■ **DATA EXCERPT**:
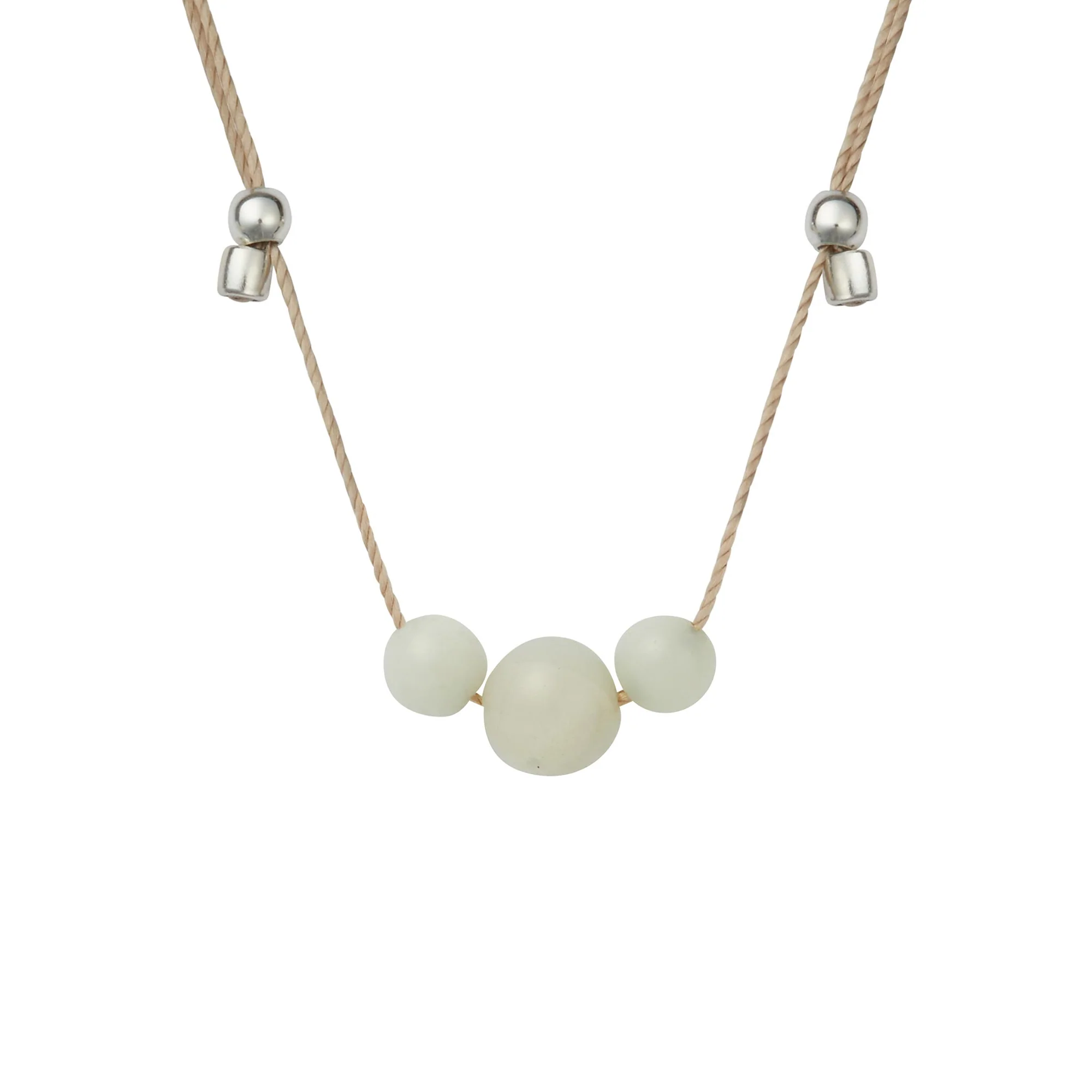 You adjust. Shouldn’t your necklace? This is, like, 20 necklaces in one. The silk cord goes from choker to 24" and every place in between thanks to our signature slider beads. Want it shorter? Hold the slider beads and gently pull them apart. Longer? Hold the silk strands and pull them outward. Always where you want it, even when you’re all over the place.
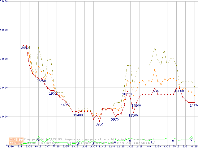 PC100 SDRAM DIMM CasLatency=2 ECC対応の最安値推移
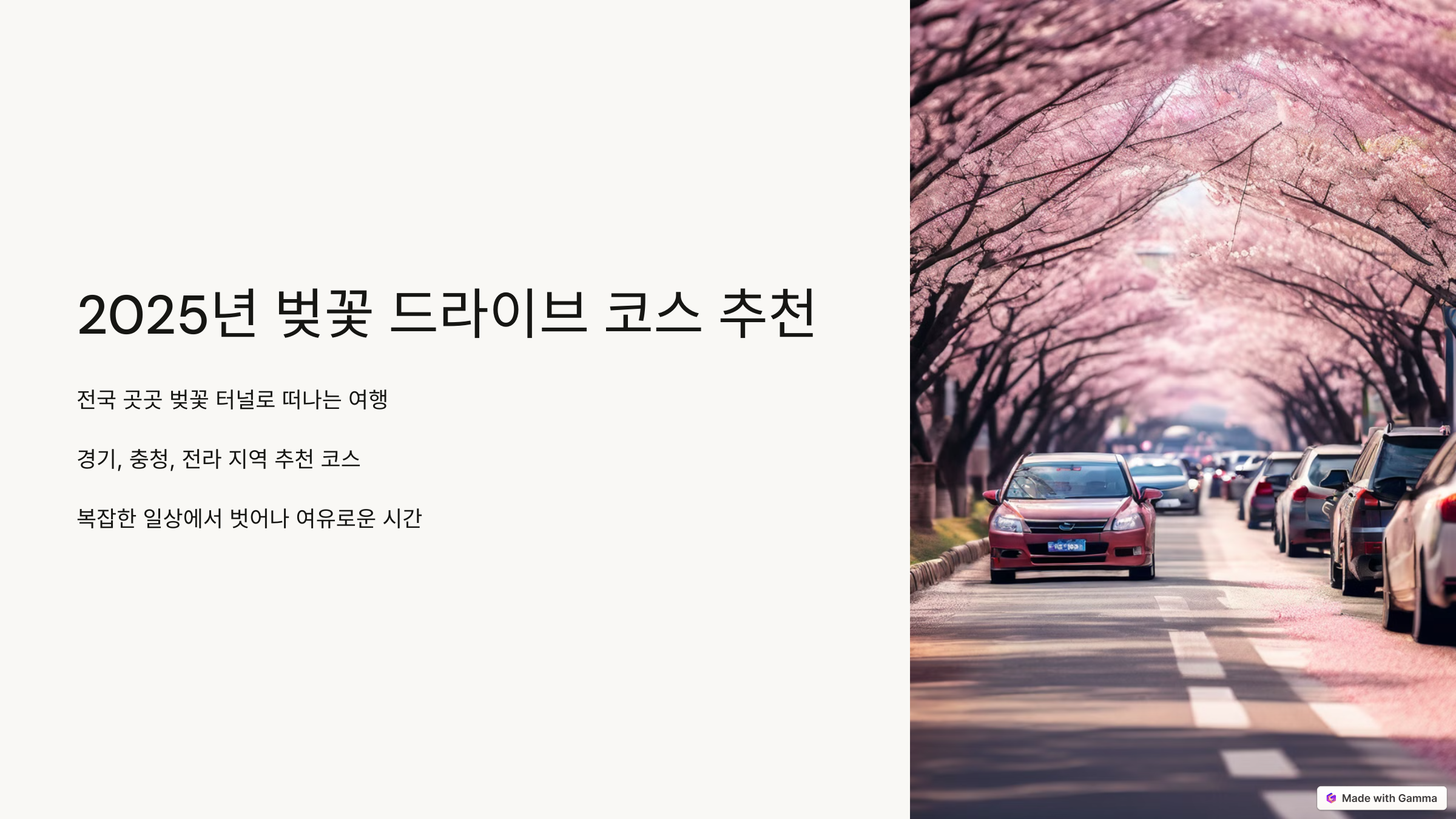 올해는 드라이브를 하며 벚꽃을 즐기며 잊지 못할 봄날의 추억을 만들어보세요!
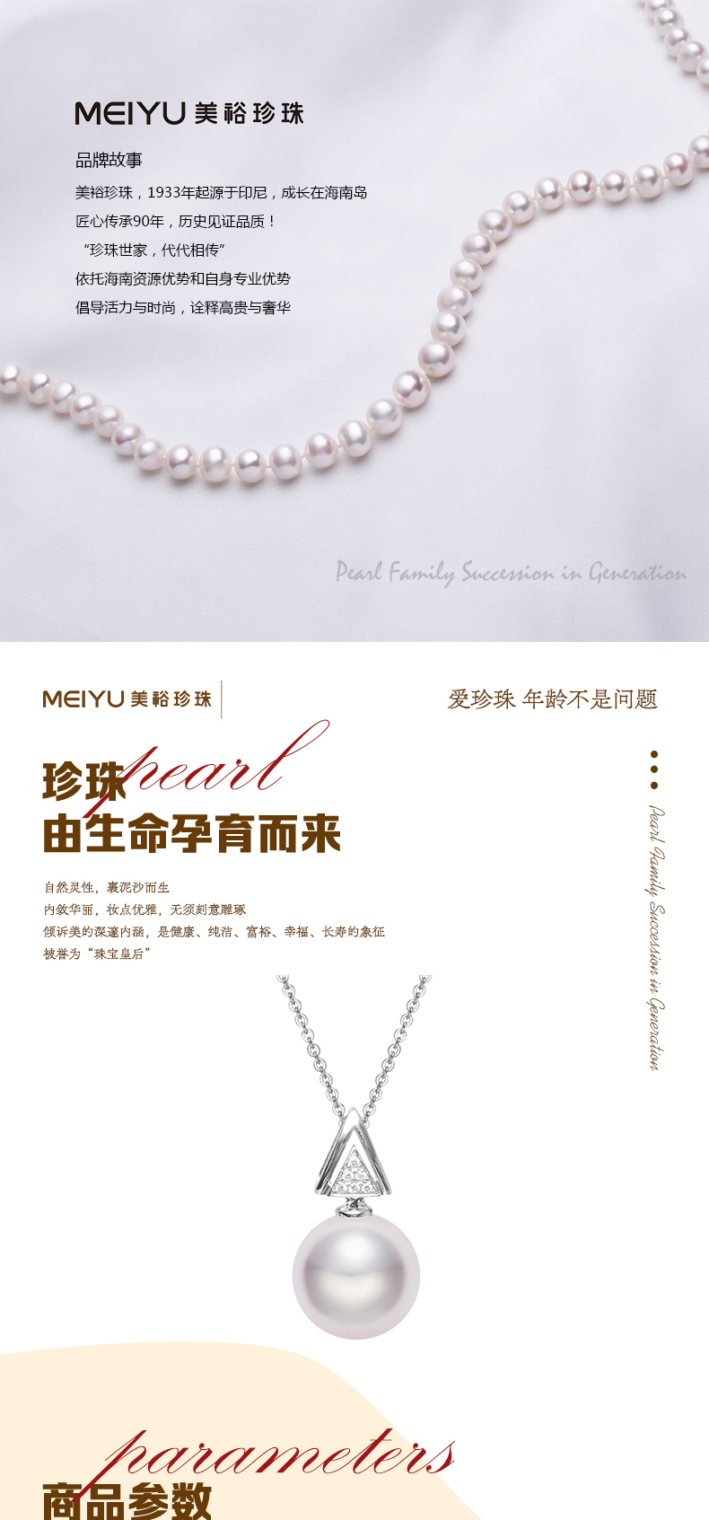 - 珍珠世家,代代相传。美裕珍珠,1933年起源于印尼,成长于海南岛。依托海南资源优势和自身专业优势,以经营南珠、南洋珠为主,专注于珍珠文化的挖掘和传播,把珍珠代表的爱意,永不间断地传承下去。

■ **EXERCISE BRIEF**:
The answer should consist only of the lines from the line with "PC100 SDRAM DIMM CasLatency=2 ECC対応の最安値推移" through the last line of the data, repeated exactly; pictures stay out.

■ **TASK OUTPUT**:
 PC100 SDRAM DIMM CasLatency=2 ECC対応の最安値推移
 올해는 드라이브를 하며 벚꽃을 즐기며 잊지 못할 봄날의 추억을 만들어보세요!
 - 珍珠世家,代代相传。美裕珍珠,1933年起源于印尼,成长于海南岛。依托海南资源优势和自身专业优势,以经营南珠、南洋珠为主,专注于珍珠文化的挖掘和传播,把珍珠代表的爱意,永不间断地传承下去。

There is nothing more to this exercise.